In August of 1995, plaintiffs in this case, Ruth Cummings, Norman Conner, John Linster and Ronald Nida, were all employees of defendant BellSouth, and were all over 40 years old. Conner had worked for BellSouth since May 12, 1969, Cummings since July 13, 1974, Linster since November 1, 1976 and Nida since August 13, 1973. (See Defs.' Statement of Material Facts [12] at ¶ 24.) On August 30, 1995, each plaintiff was fired for "misconduct and dishonesty including misrepresenting work schedules and falsification of records." (Id. at ¶ 22.)

In March and April of 1995, plaintiffs Conner, Linster and Nida worked as specialists in BellSouth's Network Management Center (hereinafter "the Center"). (Id. at ¶ 5.) As specialists, plaintiffs reported to Cleve Ray, the manager of the Center. (Id. at ¶ 2.) Ray had the responsibility of running the Center on a day-to-day basis. (Id.) Ray's supervisor was Charlene Echols, a director for BellSouth, who in turn reported to William Stacy, a regional general manager at the time in question. (Id.)

When Ray first began to manage the Center it did not operate on a 24-hour basis because BellSouth did not employ enough people to cover such a schedule. (Id. at ¶ 6.) When the Center was not operating on a 24-hour basis, specialists worked a four-day week, ten hours per day. (Id.) Over time, the Center added employees and began to operate on a twenty-four hour basis. (Id.)

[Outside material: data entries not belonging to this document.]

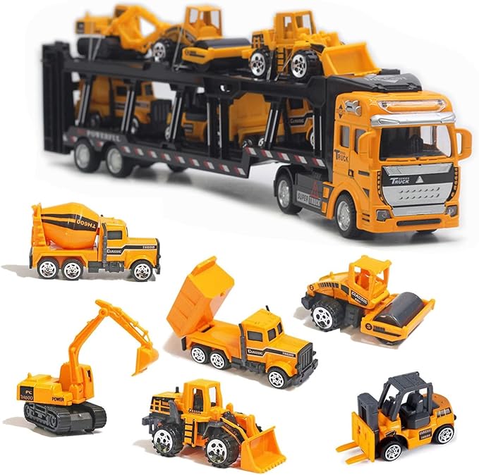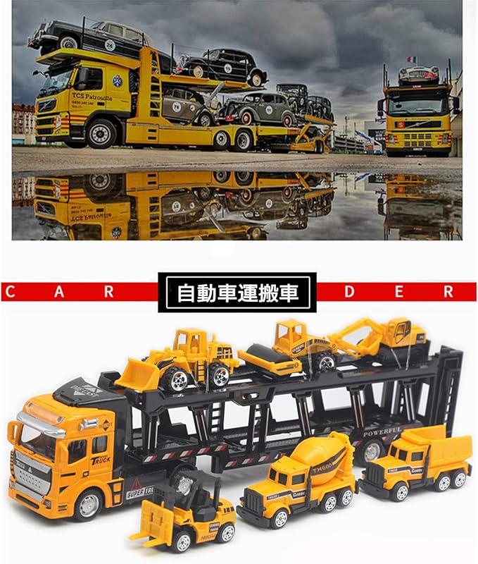 【新型自動車運搬車セット】自動車運搬車X1、ミニカーセットX6 リアルに再現された建設作業車で、お子様に各車両の種類を認識させ、好奇心を刺激するだけではなく本物のエンジニアリングシーンを復元することでお子様の認知を育てます。工事現場のごっこ遊びをしているうちに、お子様は頭中に場面を想像しながら、現場作業を真似します。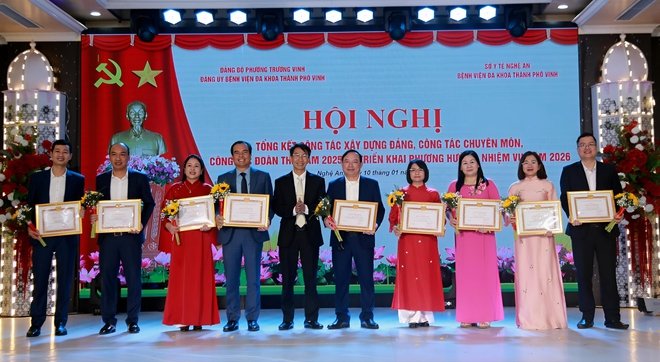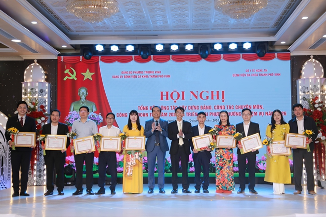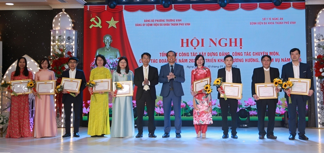Dịp này, Đảng ủy Bệnh viện Đa khoa TP Vinh đã tặng Giấy khen cho 1 tập thể và 29 cá nhân "Hoàn thành xuất sắc nhiệm vụ" tiêu biểu năm 2025.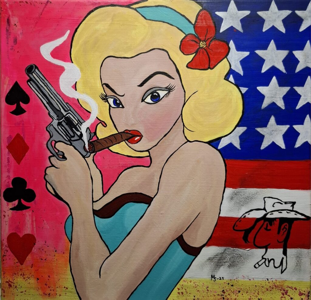 „LADY KNALLBONBON“ Acryl auf Leinwand, individuelle Farben,40x40cm Unikatcharakter, signiert. Es hinterfragt traditionelle Geschlechterrollen und bietet eine starke, unkonventionelle Darstellung der Frau.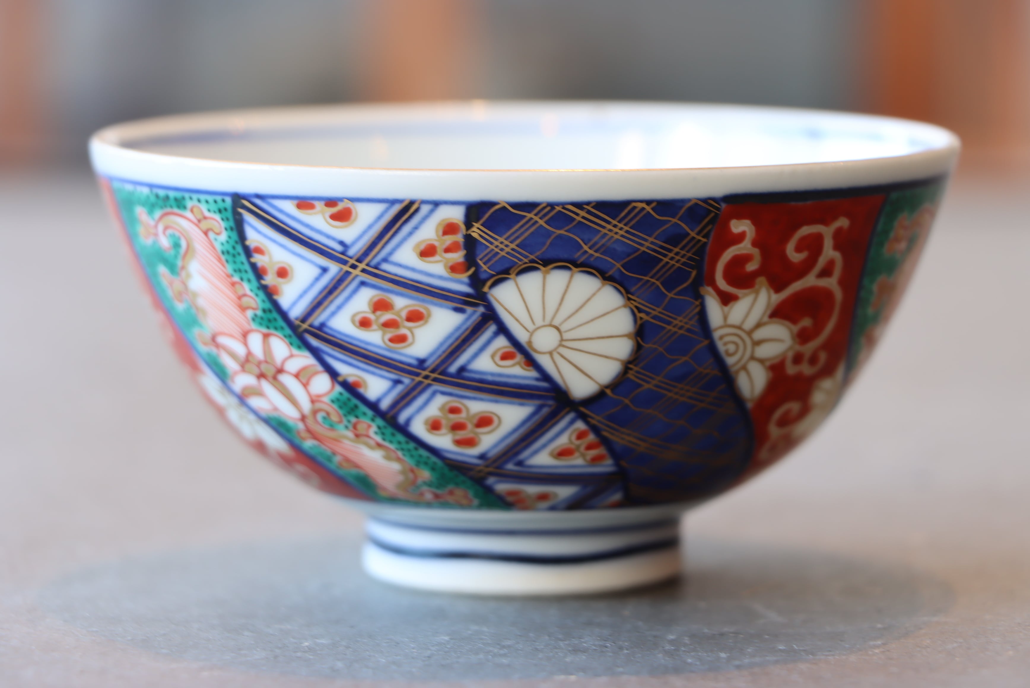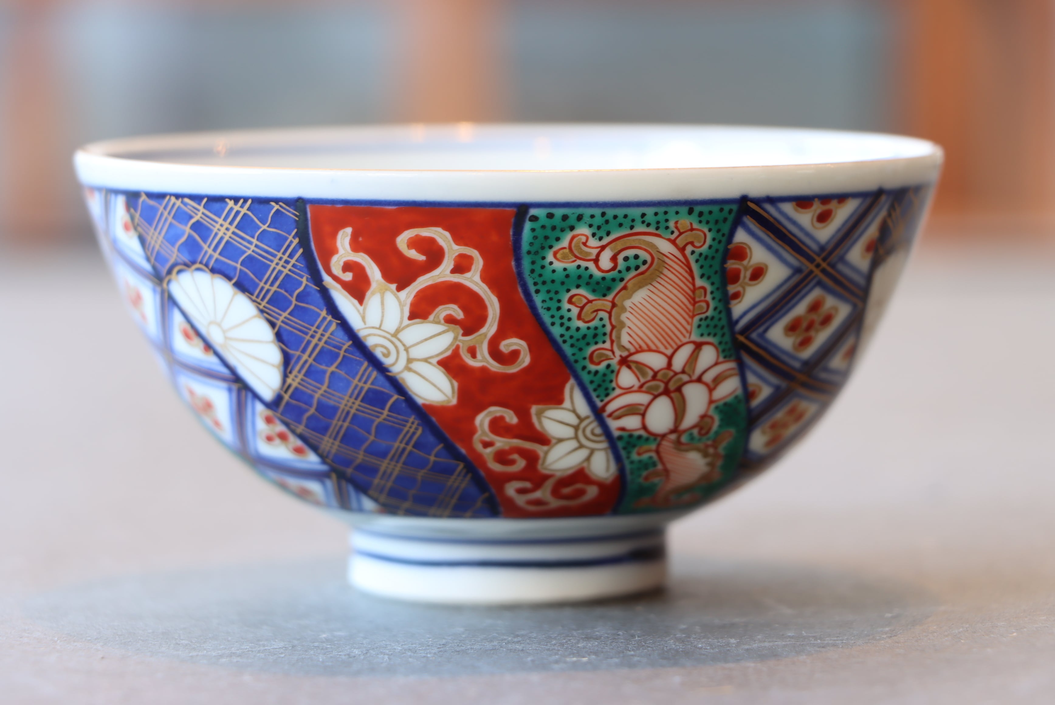 大聖寺伊万里 色絵 捻り壽文 蓋茶碗 通りもの/Daisho-ji Imari covered bowl

In 1995 the Center was operating on a 24-hour basis. (Id.) While on such a schedule, specialists worked either of three separate eight-hour shifts, denominated as the day, evening and night shifts. (Id.) Ordinarily, the day shift ran from 8:00 a.m. to 4:00 p.m., the evening shift ran from 4:00 p.m. to 12:00 a.m., and the night shift ran from 12:00 a.m. to 8:00 a.m. (Id. at ¶ 4.) Each specialist routinely worked a five-day week, eight hours per day.1 (Id. at ¶ 6.)

At the beginning of 1995, there were four specialists covering the evening shift at the Center. At some point prior to March of 1995, the evening shift lost one employee and only plaintiffs Conner, Linster and Nida were left to cover the five-day evening shift. These three individuals did not want to work a five day week. Instead, they desired to work a four-day, ten-hour shift schedule, as they had done in the past. (See, e.g., Nida Dep. at 143.) Plaintiffs allege that Ray was aware that they were working this altered schedule and that he acquiesced in this arrangement around the beginning of April. (See Linster Dep. at 99-100; Nida Dep. at 112; Conner Dep. at 94.)

Defendants vigorously deny that Ray gave plaintiffs permission to work anything other than a five-day schedule. Rather, defendants allege that Ray denied plaintiffs' request to work a four-day schedule and that plaintiffs then conspired among themselves to work a four-day schedule and hide that fact from Ray. (See Defs.' Statement of Material Facts [12] at ¶ 10-11.) Indeed, defendants submit signed statements from each of the plaintiffs in which plaintiffs signed as true and correct the fact that they had changed their schedule to a four-day schedule without Ray's permission. (Id. at ¶ 11-12.)

In May of 1995, plaintiff Linster transferred to another work group and was replaced by plaintiff Cummings. (See Defs.' Statement of Material Facts [12] at ¶ 5.) When Cummings went to the evening shift, Conner and Nida explained to her that they were working a four-day week and that they had Ray's permission to work this schedule. (See Cummings Dep. at 29-31.)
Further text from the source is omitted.